_Work item_
Your answer should be the lines below from the one with "Διακοπές ηλεκτρικού ρεύματος" to the one with "铁路公安民警陆日峰(左一)和", both included, given again exactly and with nothing added.

--- Dataset records ---

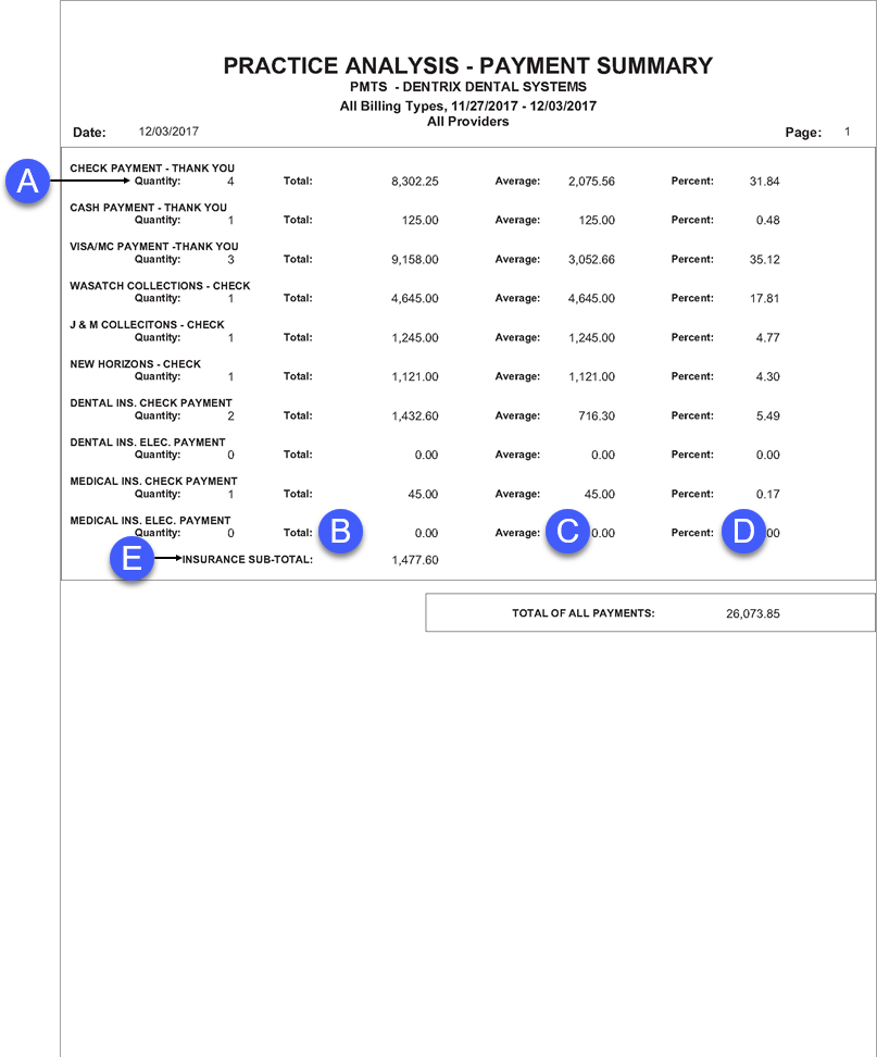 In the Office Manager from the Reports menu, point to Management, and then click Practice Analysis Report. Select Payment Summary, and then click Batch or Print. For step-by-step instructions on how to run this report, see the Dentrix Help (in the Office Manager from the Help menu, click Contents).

---
--- Dataset records ---

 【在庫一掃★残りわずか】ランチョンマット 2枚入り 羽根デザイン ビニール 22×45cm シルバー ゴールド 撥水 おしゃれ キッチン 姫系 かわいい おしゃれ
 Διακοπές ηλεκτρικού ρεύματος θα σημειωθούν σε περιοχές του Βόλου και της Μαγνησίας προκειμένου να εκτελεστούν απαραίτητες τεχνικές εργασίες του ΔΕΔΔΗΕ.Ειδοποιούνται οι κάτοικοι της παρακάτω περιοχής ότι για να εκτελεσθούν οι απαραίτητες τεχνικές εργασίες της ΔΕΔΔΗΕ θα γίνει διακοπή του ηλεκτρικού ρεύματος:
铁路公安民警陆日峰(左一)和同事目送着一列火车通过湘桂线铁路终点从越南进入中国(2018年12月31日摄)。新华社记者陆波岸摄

---

_Solution for this task_
 Διακοπές ηλεκτρικού ρεύματος θα σημειωθούν σε περιοχές του Βόλου και της Μαγνησίας προκειμένου να εκτελεστούν απαραίτητες τεχνικές εργασίες του ΔΕΔΔΗΕ.Ειδοποιούνται οι κάτοικοι της παρακάτω περιοχής ότι για να εκτελεσθούν οι απαραίτητες τεχνικές εργασίες της ΔΕΔΔΗΕ θα γίνει διακοπή του ηλεκτρικού ρεύματος:
铁路公安民警陆日峰(左一)和同事目送着一列火车通过湘桂线铁路终点从越南进入中国(2018年12月31日摄)。新华社记者陆波岸摄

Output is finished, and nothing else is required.